== STORED DATA ==

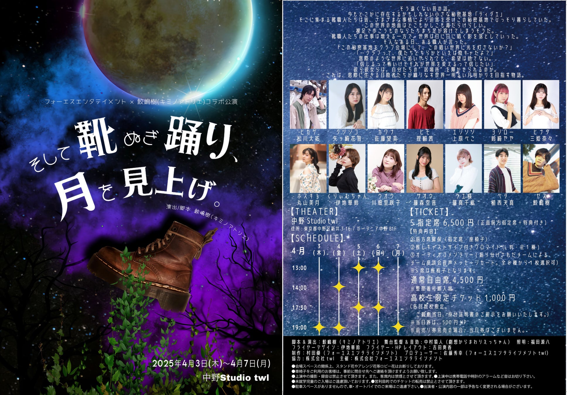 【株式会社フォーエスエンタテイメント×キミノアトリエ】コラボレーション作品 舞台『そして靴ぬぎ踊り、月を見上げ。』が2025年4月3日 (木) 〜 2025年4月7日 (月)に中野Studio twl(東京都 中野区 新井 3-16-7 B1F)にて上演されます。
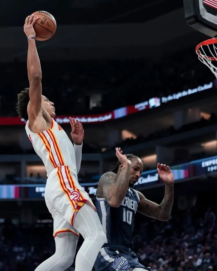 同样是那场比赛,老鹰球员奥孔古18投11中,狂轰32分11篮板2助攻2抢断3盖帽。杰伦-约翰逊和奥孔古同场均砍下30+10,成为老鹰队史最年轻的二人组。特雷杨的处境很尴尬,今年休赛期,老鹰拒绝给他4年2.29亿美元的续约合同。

===
== STORED DATA ==

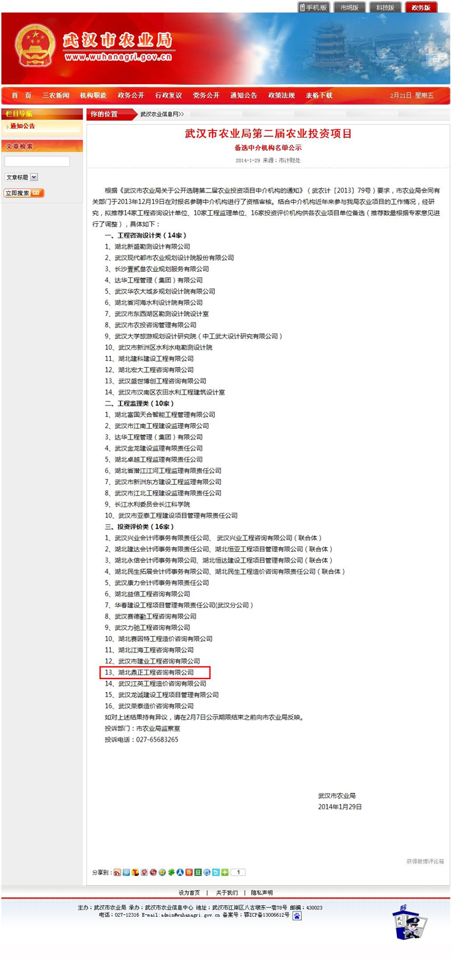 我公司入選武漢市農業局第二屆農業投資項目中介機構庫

===
== STORED DATA ==

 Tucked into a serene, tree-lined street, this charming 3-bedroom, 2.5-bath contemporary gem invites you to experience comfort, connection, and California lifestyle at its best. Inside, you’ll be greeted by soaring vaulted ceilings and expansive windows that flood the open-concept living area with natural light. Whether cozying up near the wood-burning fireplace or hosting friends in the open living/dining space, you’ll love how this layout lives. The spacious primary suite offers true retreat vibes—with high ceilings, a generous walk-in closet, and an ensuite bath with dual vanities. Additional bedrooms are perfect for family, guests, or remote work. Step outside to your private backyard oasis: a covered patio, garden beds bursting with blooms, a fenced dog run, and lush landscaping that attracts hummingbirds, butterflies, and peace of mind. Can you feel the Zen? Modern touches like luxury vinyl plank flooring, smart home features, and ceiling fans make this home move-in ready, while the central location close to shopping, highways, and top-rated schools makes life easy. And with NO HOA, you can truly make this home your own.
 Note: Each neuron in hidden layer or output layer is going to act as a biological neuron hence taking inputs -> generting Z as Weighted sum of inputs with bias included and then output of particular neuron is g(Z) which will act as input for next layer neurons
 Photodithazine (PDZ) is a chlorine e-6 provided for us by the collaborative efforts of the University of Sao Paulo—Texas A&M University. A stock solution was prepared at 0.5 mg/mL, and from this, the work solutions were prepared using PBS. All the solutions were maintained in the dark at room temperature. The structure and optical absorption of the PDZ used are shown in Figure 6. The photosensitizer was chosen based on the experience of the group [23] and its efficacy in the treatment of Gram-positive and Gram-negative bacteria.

===

• [EXERCISE PROMPT] Whatever pictures the records hold, omit them; give again exactly the lines from the one containing "新井 3-16-7 B1F)にて上演されます。" through the one containing "同样是那场比赛,老鹰球员奥孔".

• [OUTPUT BELOW]
 【株式会社フォーエスエンタテイメント×キミノアトリエ】コラボレーション作品 舞台『そして靴ぬぎ踊り、月を見上げ。』が2025年4月3日 (木) 〜 2025年4月7日 (月)に中野Studio twl(東京都 中野区 新井 3-16-7 B1F)にて上演されます。
 同样是那场比赛,老鹰球员奥孔古18投11中,狂轰32分11篮板2助攻2抢断3盖帽。杰伦-约翰逊和奥孔古同场均砍下30+10,成为老鹰队史最年轻的二人组。特雷杨的处境很尴尬,今年休赛期,老鹰拒绝给他4年2.29亿美元的续约合同。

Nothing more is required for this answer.